East Macedonia (Kavala) Lighthouses
Note: Greek Macedonia, located at the northwestern end of the Aegean Sea, is not to be confused with the former Yugoslav republic of Macedonia, which is an independent, land-locked country to the north. This region and the adjoining region of Central Macedonia became part of Greece in 1913.

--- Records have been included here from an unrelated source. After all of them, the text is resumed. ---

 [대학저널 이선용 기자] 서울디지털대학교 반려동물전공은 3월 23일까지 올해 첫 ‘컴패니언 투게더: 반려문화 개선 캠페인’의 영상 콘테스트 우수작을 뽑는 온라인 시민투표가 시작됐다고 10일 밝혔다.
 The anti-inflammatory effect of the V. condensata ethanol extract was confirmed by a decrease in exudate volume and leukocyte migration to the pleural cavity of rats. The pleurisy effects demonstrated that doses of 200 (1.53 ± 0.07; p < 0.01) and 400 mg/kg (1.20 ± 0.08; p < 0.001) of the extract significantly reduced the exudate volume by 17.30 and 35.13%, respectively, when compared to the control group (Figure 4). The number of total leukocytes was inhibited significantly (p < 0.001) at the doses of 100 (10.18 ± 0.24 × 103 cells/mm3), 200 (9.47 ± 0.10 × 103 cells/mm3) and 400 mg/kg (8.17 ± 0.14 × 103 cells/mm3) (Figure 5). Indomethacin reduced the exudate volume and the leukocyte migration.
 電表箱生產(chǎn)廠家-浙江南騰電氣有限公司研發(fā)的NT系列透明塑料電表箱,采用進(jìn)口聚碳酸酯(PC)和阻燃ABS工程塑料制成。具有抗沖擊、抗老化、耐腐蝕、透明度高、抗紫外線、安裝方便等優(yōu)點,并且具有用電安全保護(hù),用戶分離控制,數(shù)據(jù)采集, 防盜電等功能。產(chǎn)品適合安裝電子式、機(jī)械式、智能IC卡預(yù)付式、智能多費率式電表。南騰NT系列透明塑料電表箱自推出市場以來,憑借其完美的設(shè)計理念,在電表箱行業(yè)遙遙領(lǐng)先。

* Ákra Kará Ormán (Kavála, Kabála)
Date unknown. Active; focal plane 33 m (108 ft); white flash every 5 s. 4 m (13 ft) round lantern, painted white, mounted on a concrete pad. Trabas has a closeup photo, another photo is available, and the lantern is barely visible in a Google satellite view. Kavála, located on the mainland opposite the island of Thasos, is the principal port of eastern Macedonia. Located at the tip of a blunt peninsula that shelters the east side of the harbor of Kavála. Site open, tower closed. Admiralty N4540; NGA 16736.
Alexandroupolis Light
Alexandroupolis Light, Alexandroupolis, May 2013
Flickr Creative Commons photo by Dimitris Siskopoulos
* Kavála (Kabála) North Breakwater
Date unknown. Active; focal plane 11 m (36 ft); red flash every 2 s. 11 m (36 ft) post light on a hexagonal base, standing atop a 1-story stone pierhead building. Lighthouse painted white with one narrow red band around the hexagonal section. Trabas has a photo, and Google has a fuzzy satellite view of the pier. Located at the end of the north (really west) breakwater of Kávala. Accessible by walking the pier. Site open, tower closed. Admiralty N4542; NGA 16744.

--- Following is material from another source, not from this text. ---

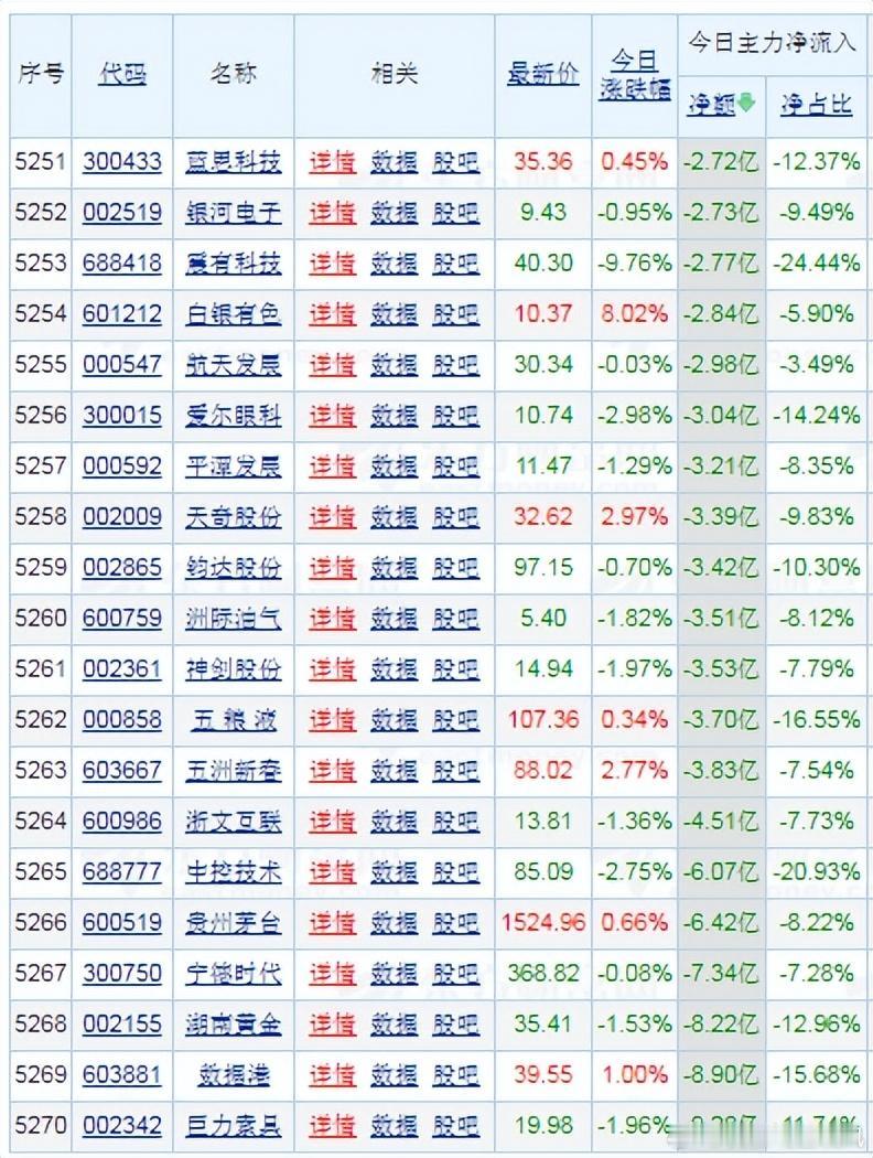 典型个股:遭遇主力:资金撤离。净流出6.07亿元,为当日科创板资金流出第一名,也是沪市流出前三。

Central Macedonia Lighthouses
* Kassandra (Posidi)
1864 (Ottoman). Active; focal plane 19 m (62 ft); two white flashes every 15 s. 14.5 m (47 ft) octagonal masonry tower with lantern and gallery, attached to a 1-story masonry keeper's house. Entire lighthouse painted white, except the lantern dome is green. A photo by Vervelidis Panos is at right, Trabas has a closeup photo, a good 2007 photo is available, and Google has a satellite view of the station. There are three long, fingerlike peninsulas pointing into the Aegean in this region of Macedonia. This lighthouse is on the south side of the Kassandra peninsula, the westernmost of the three. Located about about 2 km (1.2 mi) southwest of Posidi. Site open, tower closed. ARLHS GRE-138; Admiralty N4488; NGA 16640.
* Megálo Émvolon (Megalou Emvolou, Karabournaki)

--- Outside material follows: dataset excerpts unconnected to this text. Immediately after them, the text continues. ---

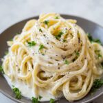 Finish by sprinkling freshly chopped parsley over the fettuccine. This bright green herb adds a fresh aroma and a lovely color contrast, lifting the entire dish aesthetically and flavor-wise. Your Fettuccine Alfredo Recipe is now ready to bring smiles to your table!
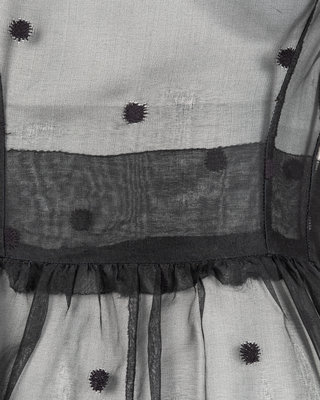 Black organza embroidered with polka dots bouffant dress with scoop neckline, gathered full skirt, and left side zipper closure.
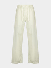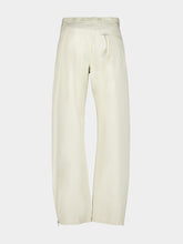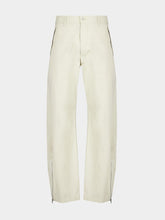 These cream multi-topstitch Taekwondo pants from Lemaire are crafted in a garment-dyed blend of light cotton and satin, giving them a soft touch. Inspired by martial arts, they feature an oversized fit with an extended pivot crotch for added mobility. The pants are detailed with multiple topstitching for a lighter feel and have two side welt pockets and a single back pocket with a button fly. Ideal for casual wear, they combine comfort with a refined aesthetic.

Date unknown (station established 1864). Active; focal plane 30 m (98 ft); flash every 10 s, white or red depending on direction. 10.5 m (35 ft) round cylindrical masonry tower with lantern and gallery, rising from one corner of a square 1-story masonry keeper's house. Entire lighthouse painted white, except the lantern dome is green. Fog horn (one blast every 60 s). Trabas has a good photo, an excellent November 2006 photo is available, and Google has a satellite view. This lighthouse stands on Ákra Megálo Émvolon and marks the east side of the entrance to the bay of Thessaloníki at the extreme northwestern corner of the Aegean Sea. According to Savas, the area was part of a Hellenic Navy base and was closed to civilians, but it appears that this is no longer the case. Located on the cape, about 5 km (3 mi) northwest of Nea Mihaniona and about 15 km (9 mi) southwest across the bay from Thessaloníki. Site open, tower closed. ARLHS GRE-096; Admiralty N4498; NGA 16576.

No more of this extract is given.